### WORK ORDER
Exactly as written, output the lines below starting from the first and ending with the line that contains "Construction of Uganda railway"; omit pictures.

### MATERIAL PROVIDED

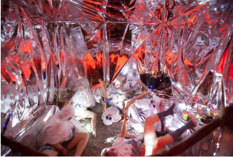
Images: Installation photographs from prior installation of KillJoy's Kastle in Toronto, October 2013.
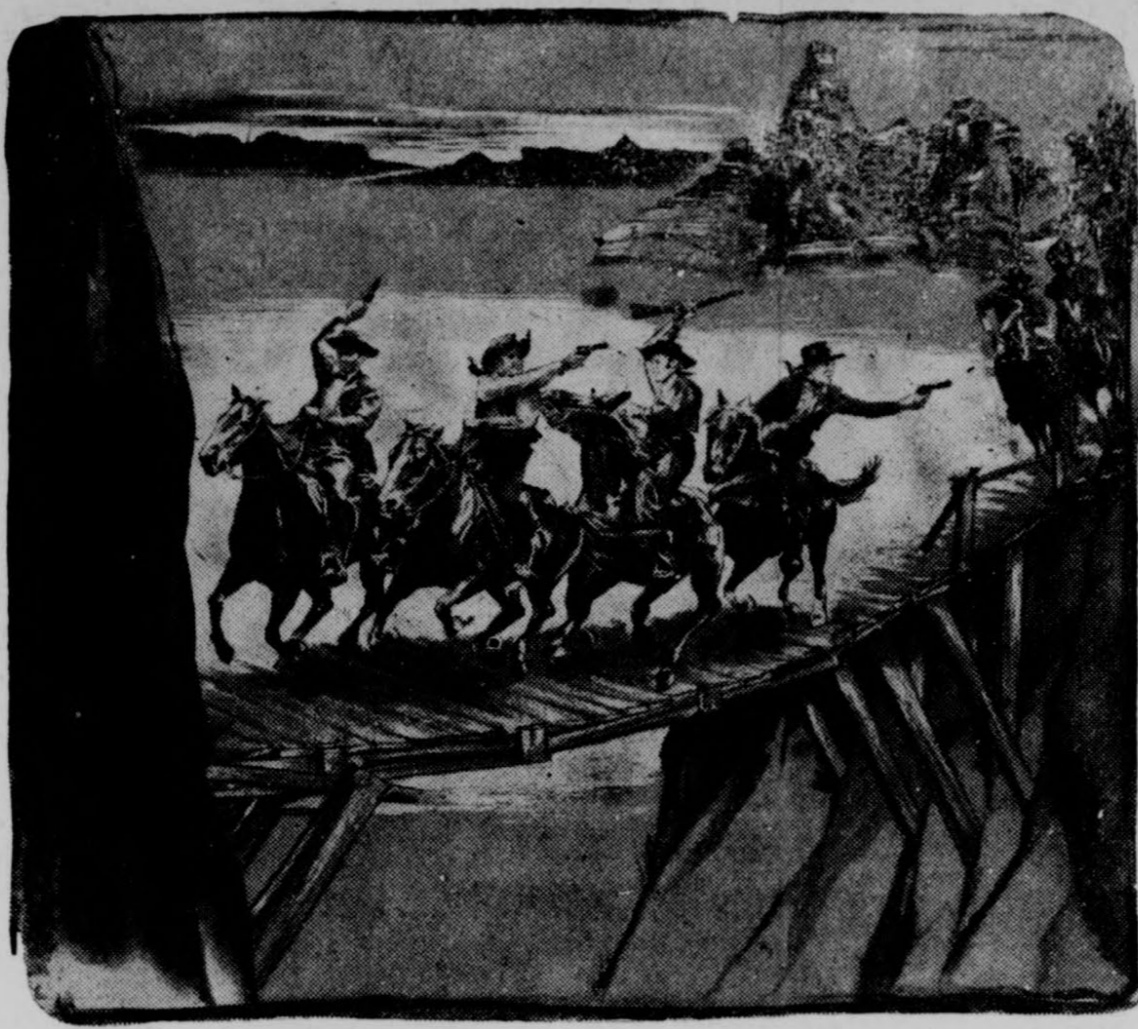
"THE YOUNGER BROTHERS" Thrilling Western action epic starring Wayne Morris, Janis Paige and hundreds of others, comes to the Parkway Theatre in Iowa Park for Tuesday, Wednesday and Thursday of next week, September 13, 14 and 15.

"Back to school and back to the Bible school" is the theme for Sunday with special emphasis on the fall church program.
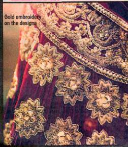
Gold embroidery on the designs
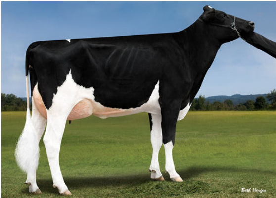
PROGENESIS MONTANA GALATEA FOURTH DAM
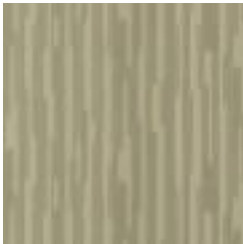
MRE1646 SUN DECK
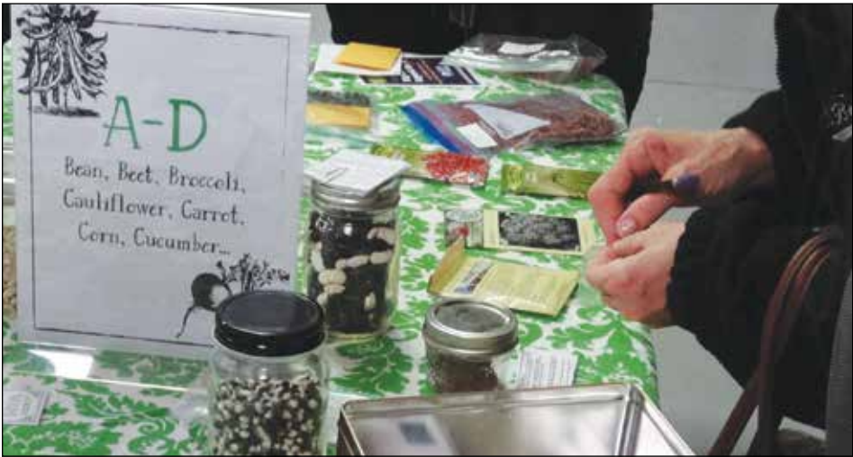
Multiple varieties of seeds were available at an earlier Nashua Public Library seed swap. This year's event will take place from February 28 to March 6.

The Nashua Public Library will hold a seed swap in the Chandler Memorial Wing from Monday, February 28, until Sunday, March 6.
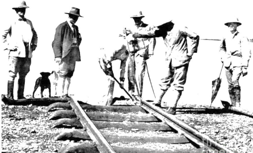
Construction of Uganda railway

. A section of University students from one of the universities in East Africa, College of Humanities, Department of History, have embarked on research in different secondary schools in Uganda. The theme for their research is "Understanding the Economic Impact of Colonialism in East Africa." Some of these students are coming to your school to learn about the features of the colonial economy in Uganda. The History Department has identified you to speak to them.
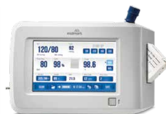
MIDMARK® DIGITAL VITAL SIGNS DEVICE
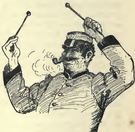
THE BANDMASTER OF "THE SONS OF LIBERTY"

Almost as I arrived a pistol-shot set the echoes clattering round the lake, and three boats burst out abreast from the throng into the open water. Two of the crews were in shirt-sleeves, the third wore the green jerseys of the football club; the boats were of the heavy sea-going build, and pulled six oars apiece, oars of which the looms were scarcely narrower than the blades, and were, of the two, but a
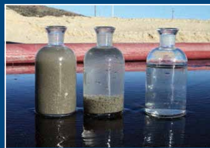
Sludge before (left) and after (right) treatment with Geotube® dewatering technology.

TenCate Geotube® containers can be custom-sized to fit available space and be easily removed when dewatering is complete. Dewatered solids can be safely stored on site, re-utilized to build dykes and berms, or disposed of in a landfill without expensive dredging or transportation.
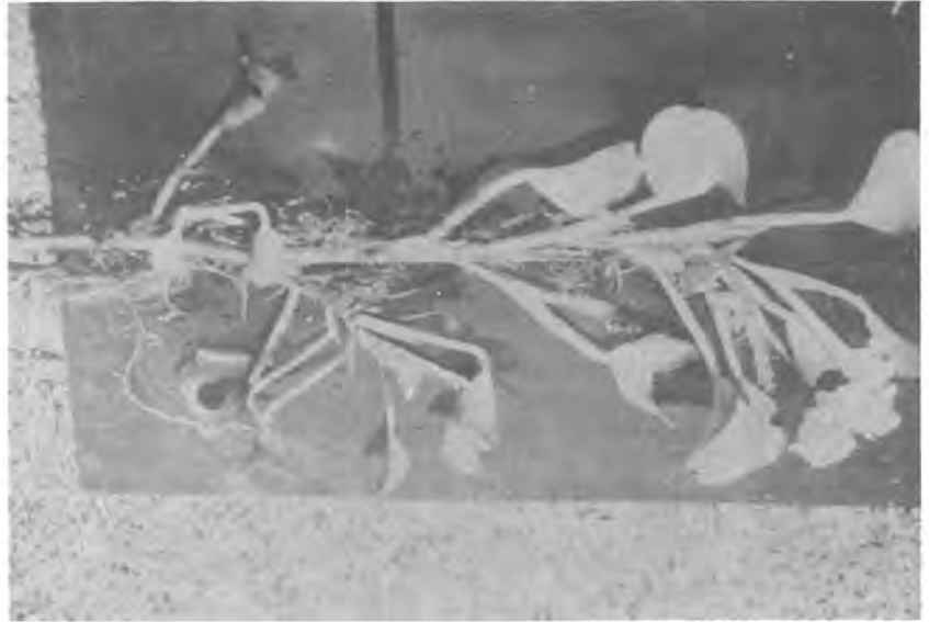
Eichhornia azurea , a native to South America, is another threat to the waters of the Southeastern United States.

### TASK ANSWER
Images: Installation photographs from prior installation of KillJoy's Kastle in Toronto, October 2013.
"THE YOUNGER BROTHERS" Thrilling Western action epic starring Wayne Morris, Janis Paige and hundreds of others, comes to the Parkway Theatre in Iowa Park for Tuesday, Wednesday and Thursday of next week, September 13, 14 and 15.

"Back to school and back to the Bible school" is the theme for Sunday with special emphasis on the fall church program.
Gold embroidery on the designs
PROGENESIS MONTANA GALATEA FOURTH DAM
MRE1646 SUN DECK
Multiple varieties of seeds were available at an earlier Nashua Public Library seed swap. This year's event will take place from February 28 to March 6.

The Nashua Public Library will hold a seed swap in the Chandler Memorial Wing from Monday, February 28, until Sunday, March 6.
Construction of Uganda railway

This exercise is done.